During 1988, he was the ABC Television’s official on-air spokesperson for the “Readasaurus” campaign, which was part of the company’s overall Project Literacy U.S., promoting interest in reading among young children. In 1993, Christian hosted the Triple Threat game show on Black Entertainment Television and was inducted into the Virginia Communications Hall of Fame. Later in the same year, he was named Virginian of the Year by the Virginia Press Association. He published Spencer Christian’s Weather Book, Spencer Christian’s Geography Book, and, most recently, Electing Our Government, a light and lively refresher course on how the United States electoral procedure works. He also co-hosted an experimental, late night series on ABC called Day’s End, which aired in 27 markets across the country from March through June of 1989.
In 1996, Christian worked on a public education campaign, in conjunction with Everready, that focused on weather emergency preparedness. In addition, he wrote a brochure that contains helpful weather emergency tips. It is available through Energizer and endorsed by the National Weather Service. Christian is now the host of the popular PBS series Tracks Ahead, a program about model and real trains. Tracks Ahead 6 was released in 2006 and the seventh season is scheduled to be released in 2008.
Christian worked with a variety of charities in New York and New Jersey. They include Up With People, The March of Dimes, the Huntington’s Disease Society of America, Special Olympics, Big Brothers, Make-a-Wish Foundation, and many others. His affiliation with the March of Dimes dates back to 1979 when he served as honorary chair of the North New Jersey chapter.
XERNONA CLAYTON (1930– ) Broadcast Executive
Clayton was born Xernona Brewster on August 30, 1930, in Muskogee, Oklahoma. She received a bachelor of science degree from Tennessee Agricultural and Industrial State University (now Tennessee State University) in 1952 and later pursued graduate studies at the University of Chicago. She also attended the Ru-Jac School of Modeling in Chicago.
Clayton was the first African American woman to have her own television show in the South when she became host of the Xernona Clayton Show at WAGATV in Atlanta. She has also been a newspaper columnist for the Atlanta Voice, taught public school in Chicago and Los Angeles, and dabbled in photography and fashion modeling.

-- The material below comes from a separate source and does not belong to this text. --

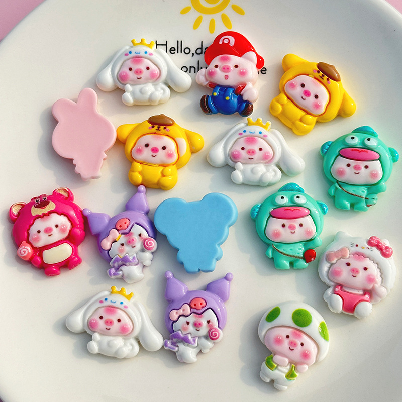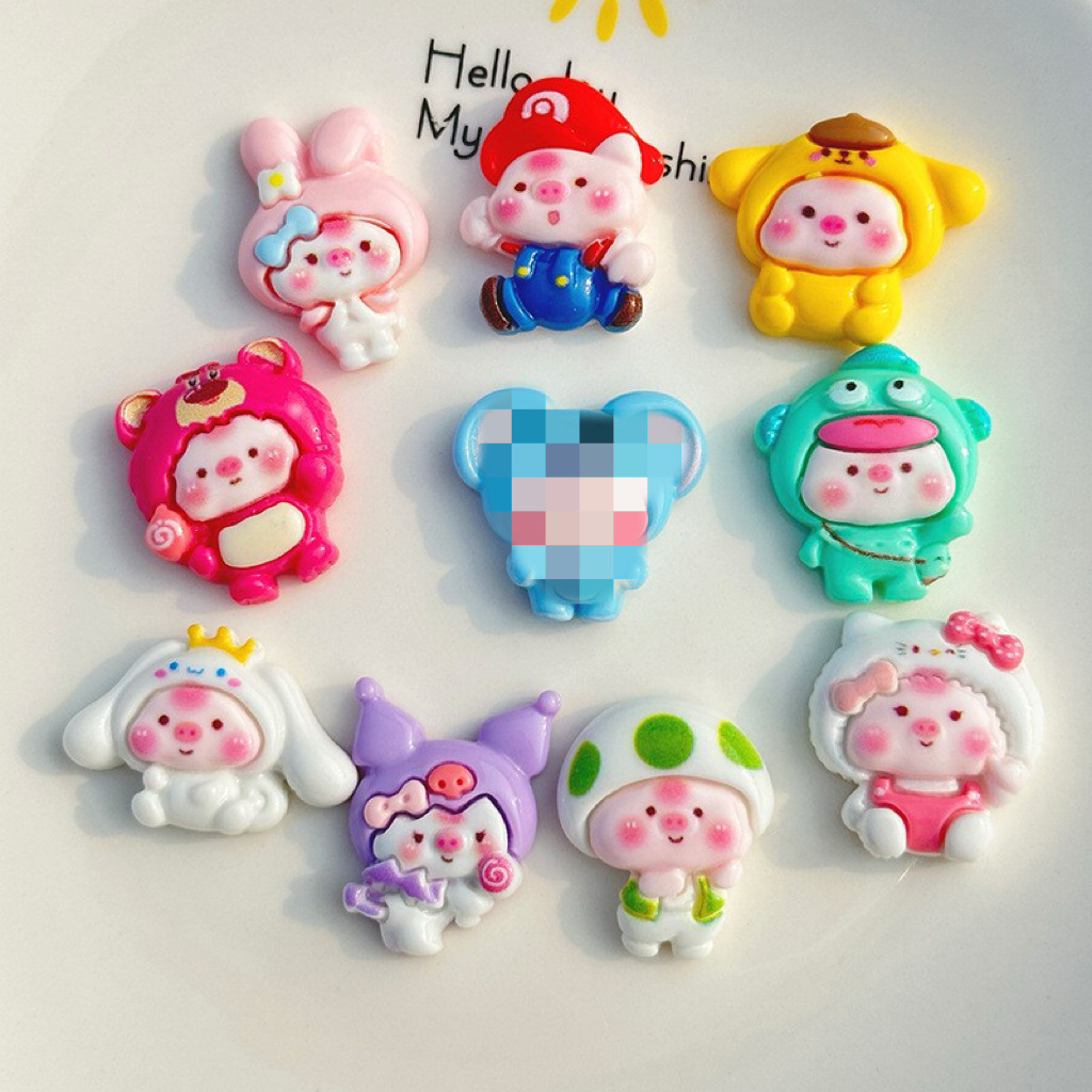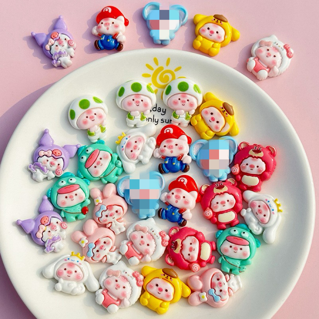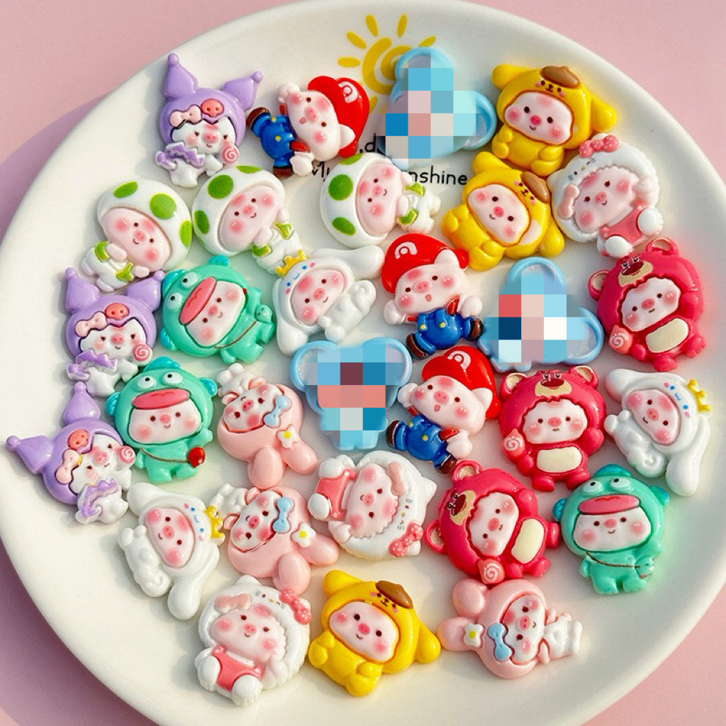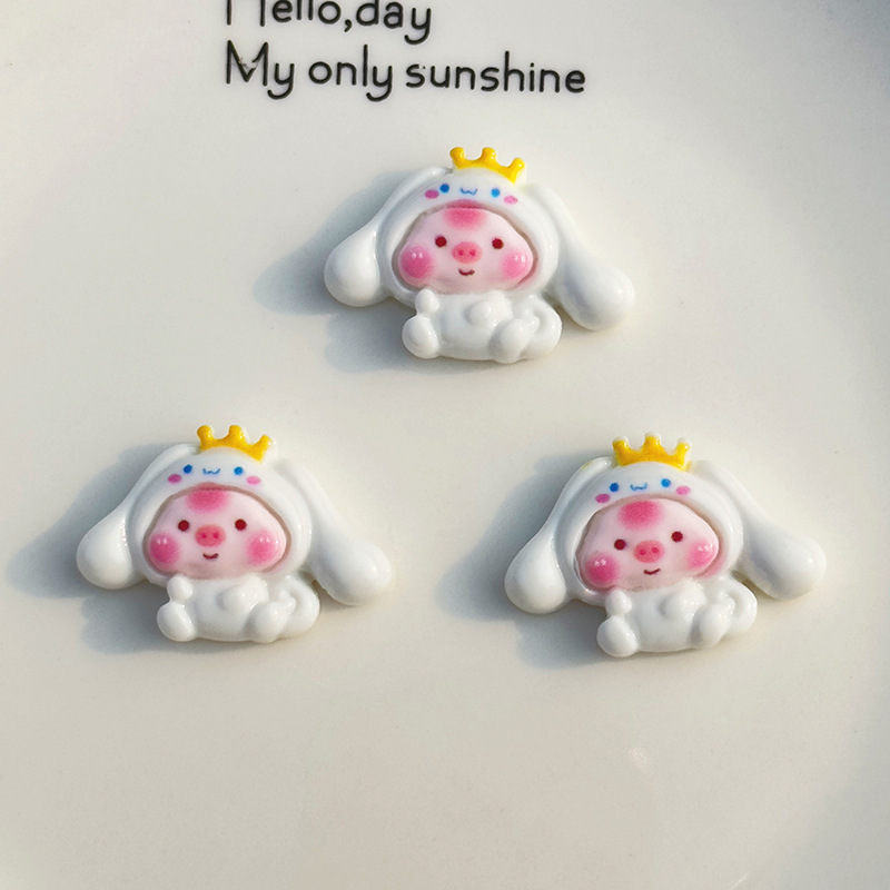 만화 밝은 얼굴 돼지 DIY 수지 액세서리 휴대 전화 쉘 크림 접착제 패치 헤어 액세서리 수제 재료스토어 가기

Clayton was active in the Civil Rights movement. Her first husband, now deceased, was the public relations director for Dr. Martin Luther King Jr. Clayton came to the attention of Atlanta officials and was appointed to the position of community relations director of the Model Cities Program. She has also raised funds for sickle cell anemia research and the Dr. Martin Luther King Jr. Birthplace Memorial Restoration Committee.
In 1968, Clayton won the Outstanding Leadership award given by the National Association of Market Developers and a year later the Bronze Woman of the Year in Human Relations award given by Phi Delta Kappa sorority. She is also the recipient of the Georgia Associated Press award for Superior Television Programming 1969 1971. In 1987, Clayton won an Emmy Award for a documentary on juvenile justice. She was named Media Woman of the Year in 1989.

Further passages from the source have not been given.